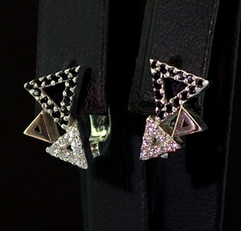 Срібні сережки 925 проби з позолотою 375 проби 4,24 г з чорними та білими Фіанітами 0,85 карат
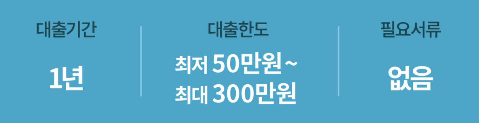 - 대출 한도: 최소 50만 원 ~ 최대 300만 원
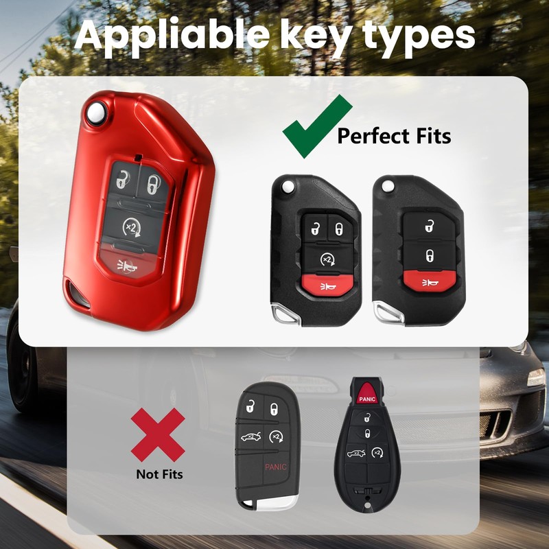 • Coverforkey key fob cover compatible with Jeep Wrangler Gladiator JL Sahara Rubicon(4 buttons). Based on the picture,even the same model car, due to different years of manufacture,the keys may also be different.
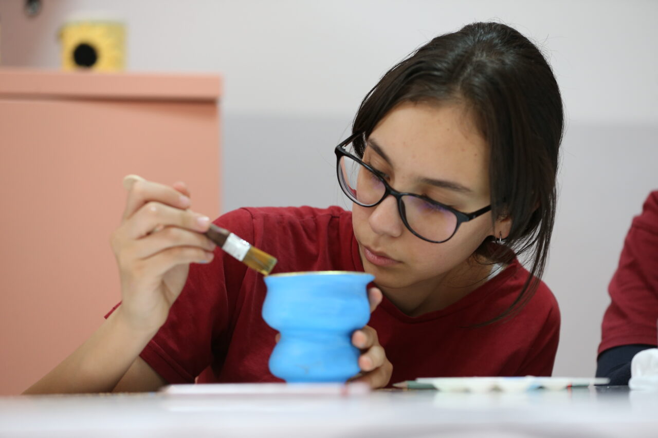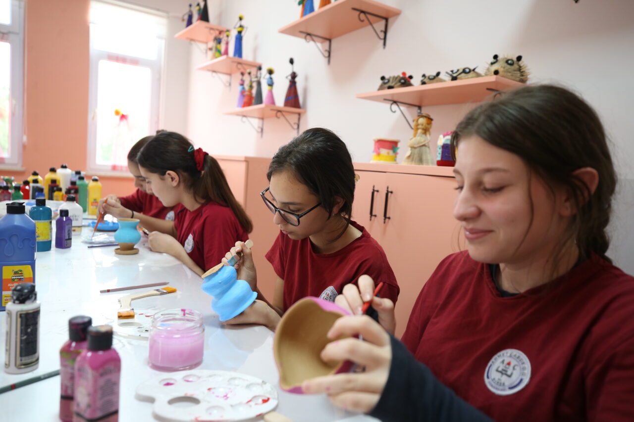 Öğrenciler, resim öğretmenleri ve usta öğreticiler eşliğinde çömlekten takı kutusu, mumluk, şekerlik, vazo gibi dekoratif ürünler ve mutfak eşyaları üretiyor.
☆ ☆ ☆ ☆ ☆ ☆ ☆
## PROBLEM DESCRIPTION
For this step, transcribe all the material above exactly and drop the images.

## ANSWER TO THIS EXERCISE
 Срібні сережки 925 проби з позолотою 375 проби 4,24 г з чорними та білими Фіанітами 0,85 карат
 - 대출 한도: 최소 50만 원 ~ 최대 300만 원
 • Coverforkey key fob cover compatible with Jeep Wrangler Gladiator JL Sahara Rubicon(4 buttons). Based on the picture,even the same model car, due to different years of manufacture,the keys may also be different.
 Öğrenciler, resim öğretmenleri ve usta öğreticiler eşliğinde çömlekten takı kutusu, mumluk, şekerlik, vazo gibi dekoratif ürünler ve mutfak eşyaları üretiyor.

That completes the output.